A. It has 4 zeros and at most 3 relative maximums or minimums.
B. It has 3 zeros and at most 4 relative maximums or minimums.
C. It is a translation of the parent function 4 units to the right.
D. Both ends of the graph of the function go up.
E. It is a translation of the parent function 4 units to the left.
F. The left end of the graph of the function goes up, and the right end goes down.

Step 1 ：The function \(f(x)=2(x-4)^{4}\) is a polynomial function of degree 4. It is a transformation of the parent function \(f(x)=x^{4}\), where the graph is shifted 4 units to the right and vertically stretched by a factor of 2.

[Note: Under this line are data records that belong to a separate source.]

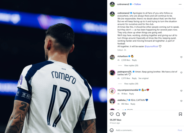 가뜩이나 팀 분위기가 좋지 않은 상황에서 중심을 잡아야 할 로메로가 구단 고위 관계자들을 겨냥하는 글을 쓴 것을 본 토트넘 팬들은 크게 분노했다. 팬들은 구단이 자체적으로 로메로에게 징계를 내리고, 최악의 경우 로메로의 주장직을 박탈할 수도 있을 거라고 예상했다.
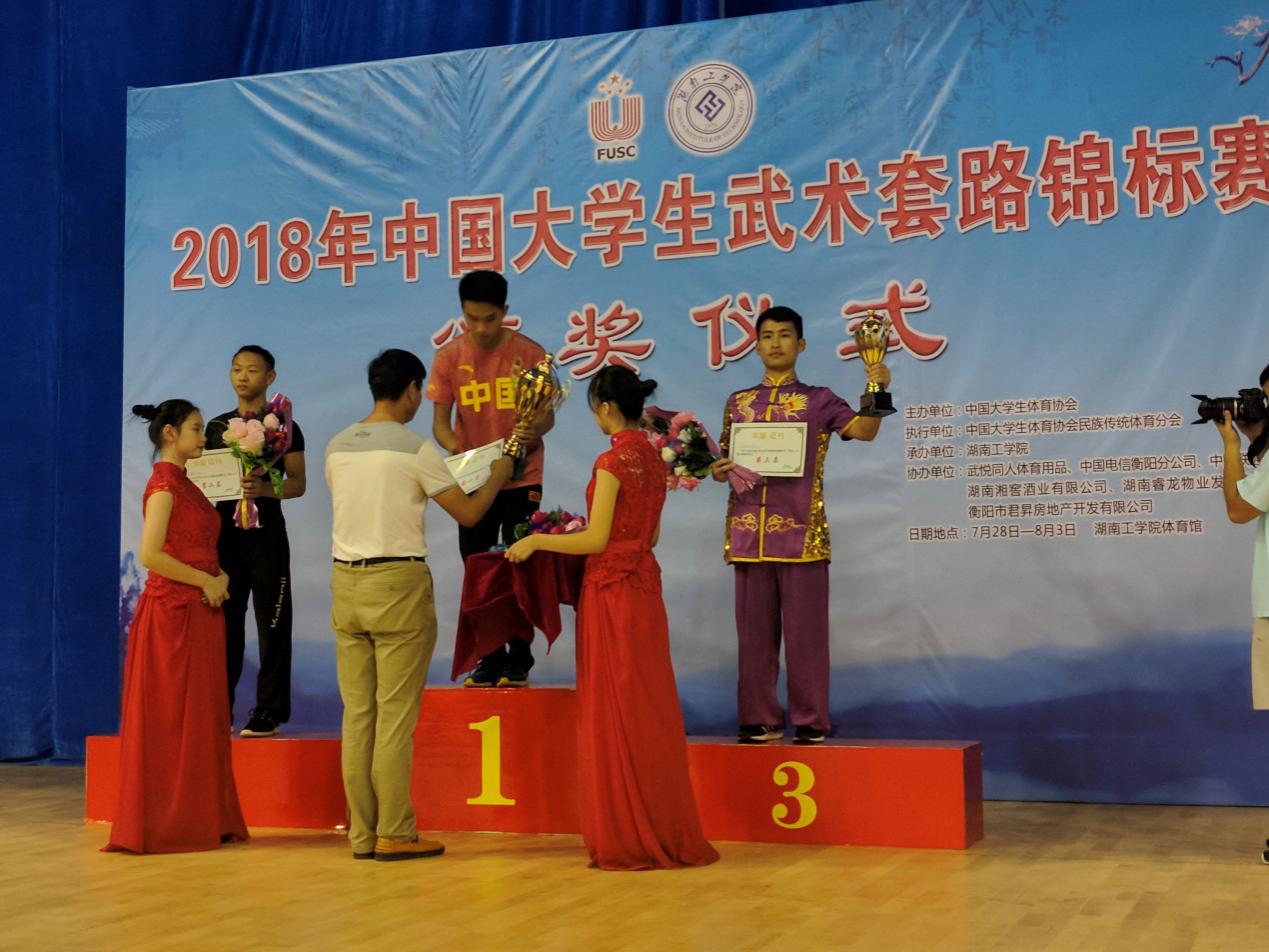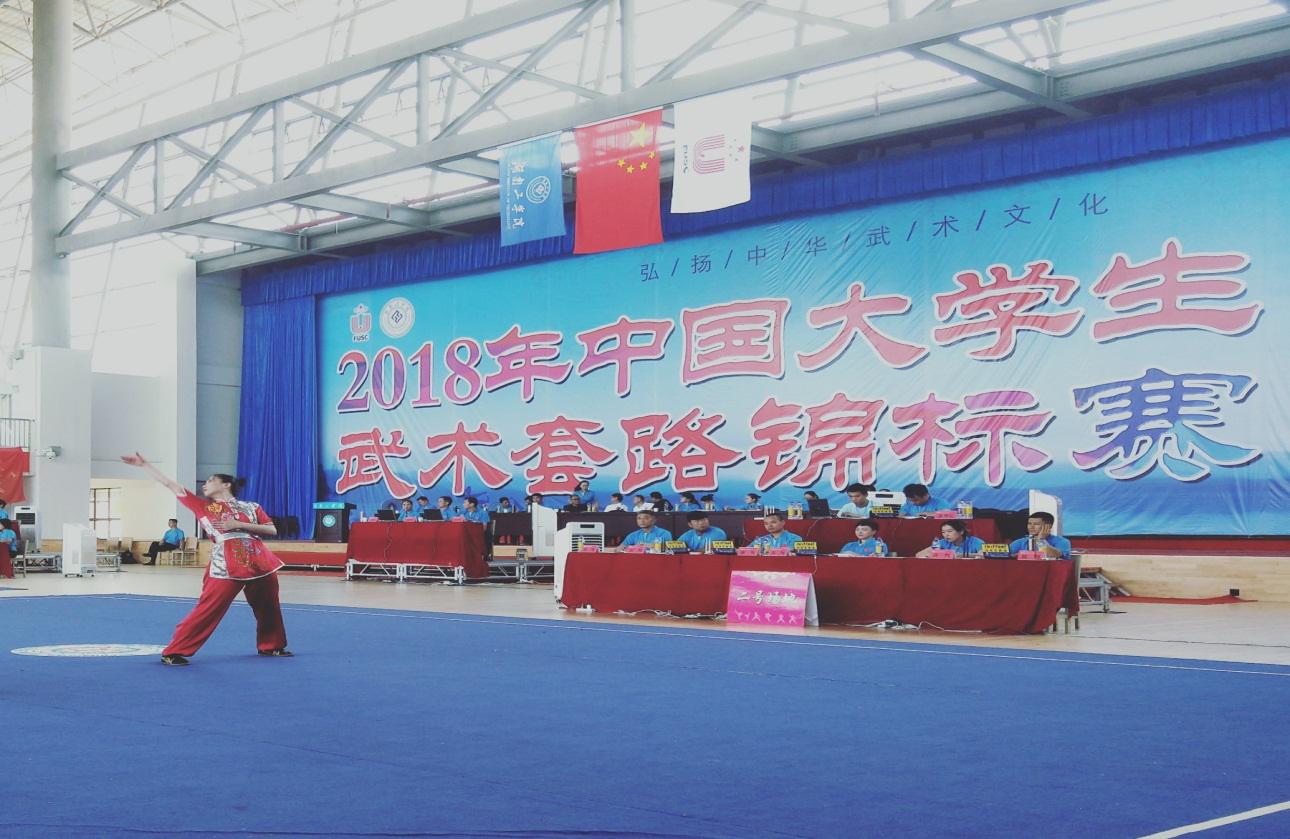 2018年中国大学生武术套路锦标赛于7月28日—8月3日在湖南衡阳市湖南工学院隆重举行。本次赛事由教育部中国大学生体育协会(FUSC)主办,来自北京大学、复旦大学、澳门大学、香港武术联会等全国139所高校、149个代表队1066名运动员参加了自选拳术、自选器械、其他拳术、其它器械、太极拳、械类、对练项目、太极推手等7个大项的比赛。
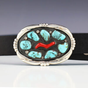 Zuni artist Wilbur Iule made this amazing buckle. Sterling silver with Coral and Turquoise stones. Fits a 1 1/4” belt. (Belt not included) Weighs 44 grams. Signed 3” long x 2” wide Artist card included Zuni Pueblo is the largest pueblo in New Mexico, and because of...
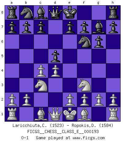 Last move : 0-1 2016 November 24 18:18:53 [Event "FICGS__CHESS__CLASS_E__000193"] [Site "FICGS"] [Date "2016.10.08"] [Round "1"] [White "Laricchiuta,Claudio"] [Black "Ropokis,Dimitrios"] [Result "0-1"] [WhiteElo "1523"] [BlackElo "1584"] 1.Nf3 g6 2.d4 Nf6 3.c4 d5 4.Nc3 Bg7 0-1 This chess game has been lost on time (started : 2016.10.08 20:8:27) Reti Opening Player Black won this chess game. Follow this game move after move (download)Only the player with the initiative has the right to attack. (Wilhelm Steinitz) Das Schachspiel übertrifft alle anderen Spiele so weit wie der Chimborasso einen Misthaufen. (Arthur Schopenhauer) Tu sabes, camarada Pachman, no disfruto el ser un Ministro, preferería jugar al Ajedrez como tu. (Che Guevara) Les Echecs ont trois composantes : le temps, l'espace et le matériel en dernier. (Mikhail Tal) Everything in life is luck. (Donald Trump)
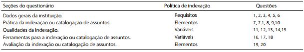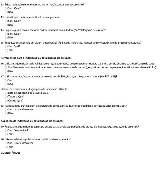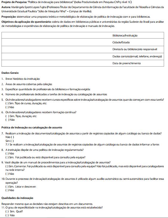O questionário, elaborado por Fujita (2010) para coleta de dados, tem por objetivo "verificar se os pro-fissionais fazem indexação e se adotam uma política de indexação e manual de indexação com base nos estudos teóricos e metodológicos sobre indexação, política de indexação e experiências de elaboração de política de indexação e manuais de indexação" (Fujita, 2010, p.31).
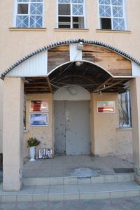 На входе в обком возвышается красный флаг с серпом и молотом. Само здание снаружи такое же, как мы его видели 2 года назад, только много выбитых окон, а главный вход забаррикадирован. Не так давно здание было обстреляно — погибло два коммуниста, одному из которых всего 19. На входе стоят их фотографии с черной лентой. Таблички с названием обкома, где встречается слово Украина или производное заклеены листами бумаги, как и по всему городу. А некоторые умельцы даже номера на машине изменил на ЛНР.
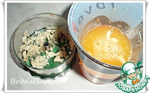 Измельчить чеснок. А из апельсинов выдавить сок (из 2 шт).
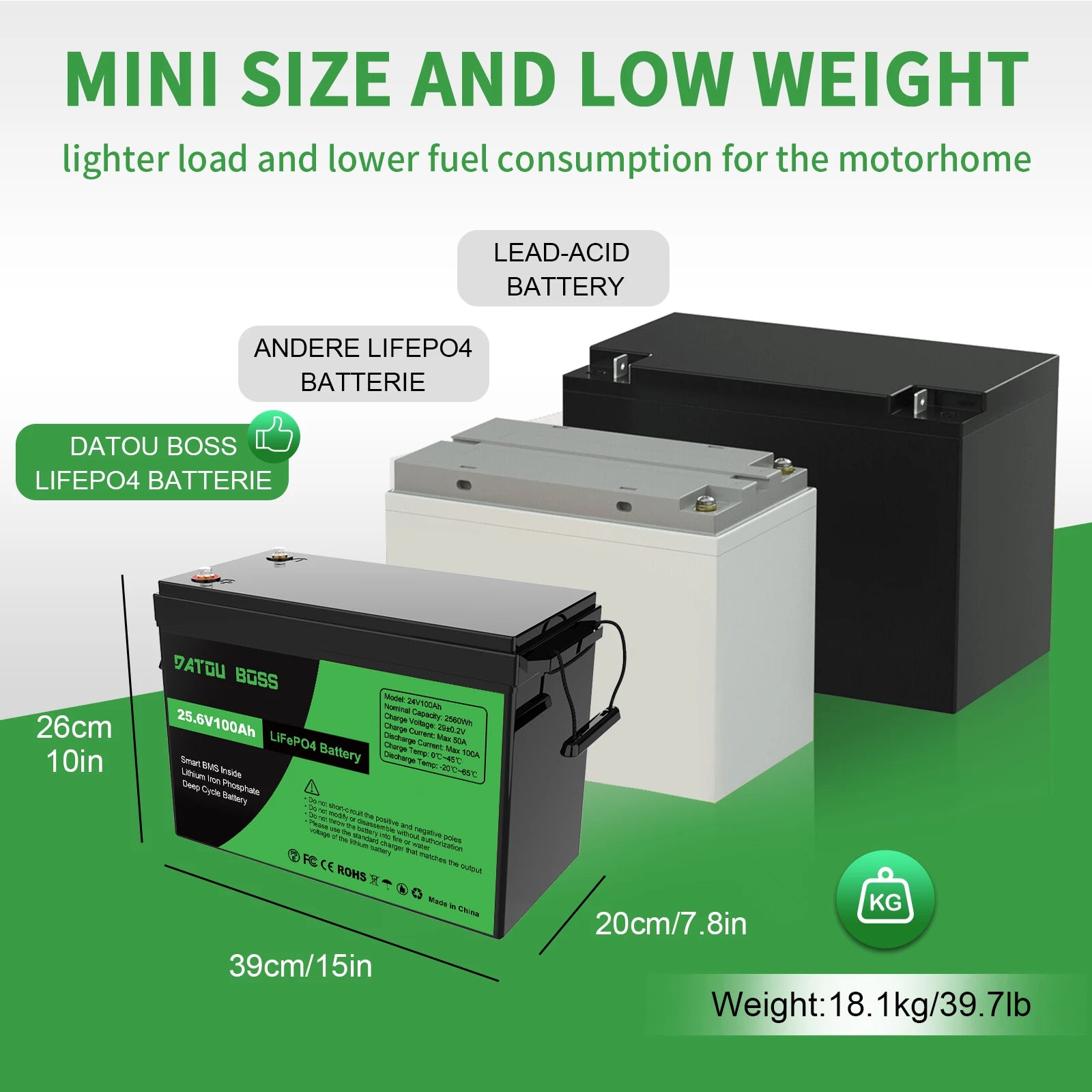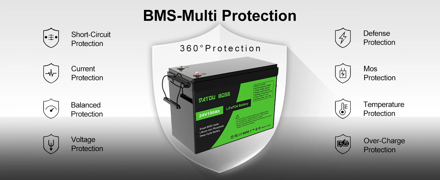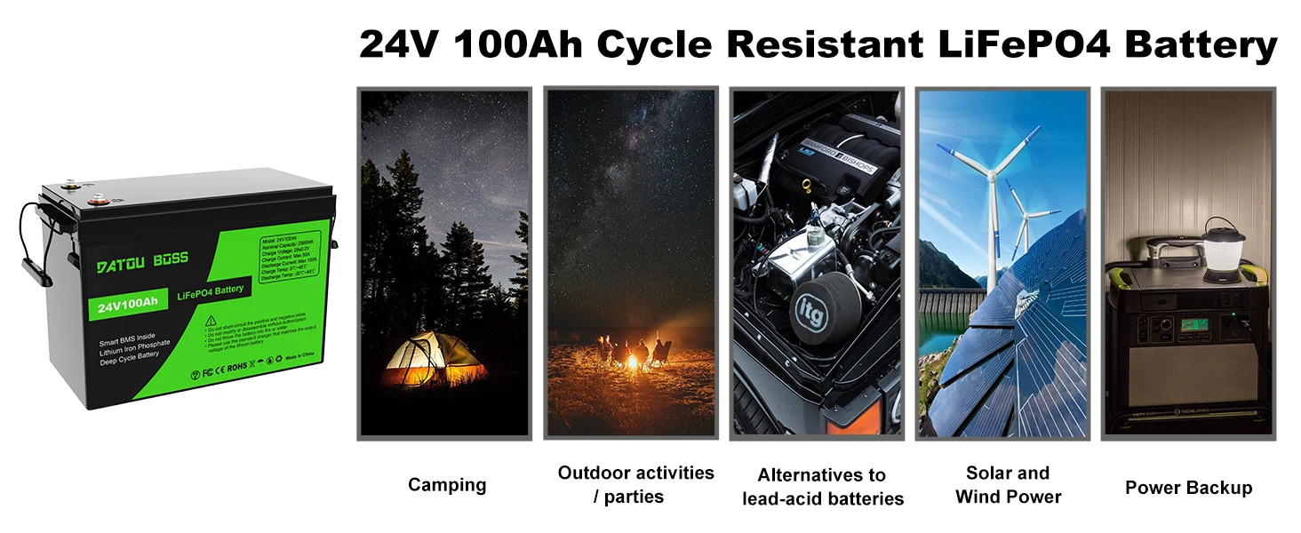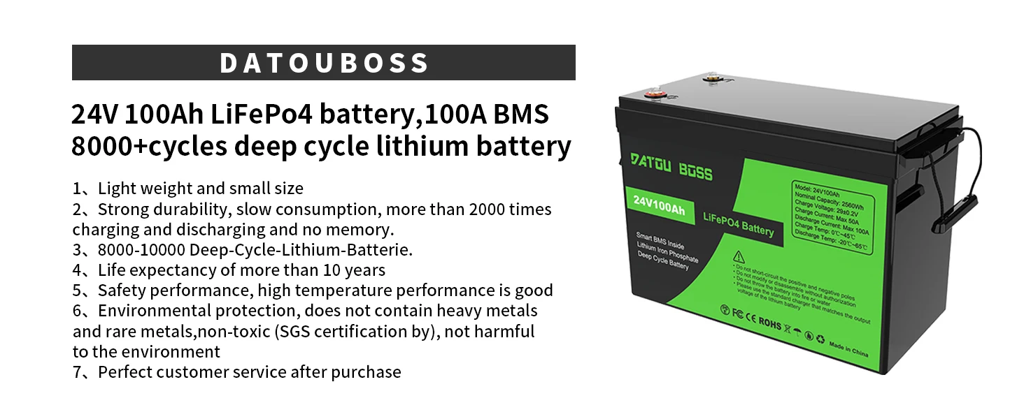 DATOUBOSS 24V 100Ah 2560Wh Lithium LiFePO4 Battery with 100A BMS Perfect for RV,Golf Cart,Solar Power System,Trolling Motor
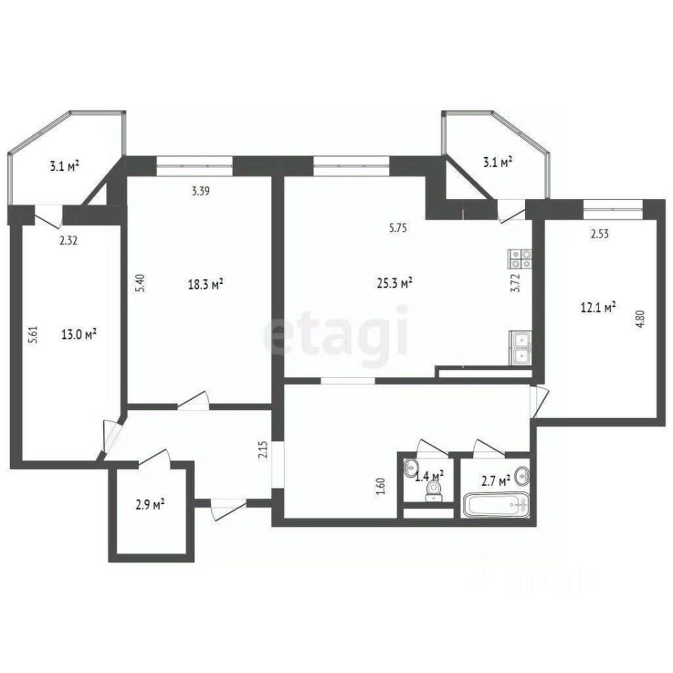 3 КОМНАТНАЯ КВАРТИРА С УНИКАЛЬНОЙ ПЛАНИРОВКОЙ!

Step 2 ：The function has only one zero at x=4, because \((x-4)^{4}\) equals zero only when x=4.

Step 3 ：The function has no relative maximums or minimums, because it is always increasing for x>4 and always decreasing for x<4.

Step 4 ：Both ends of the graph of the function go up, because as x approaches positive or negative infinity, the value of the function also approaches positive infinity.

Step 5 ：Therefore, the correct statements are C and D.

Step 6 ：Final Answer: \(\boxed{\text{C, D}}\)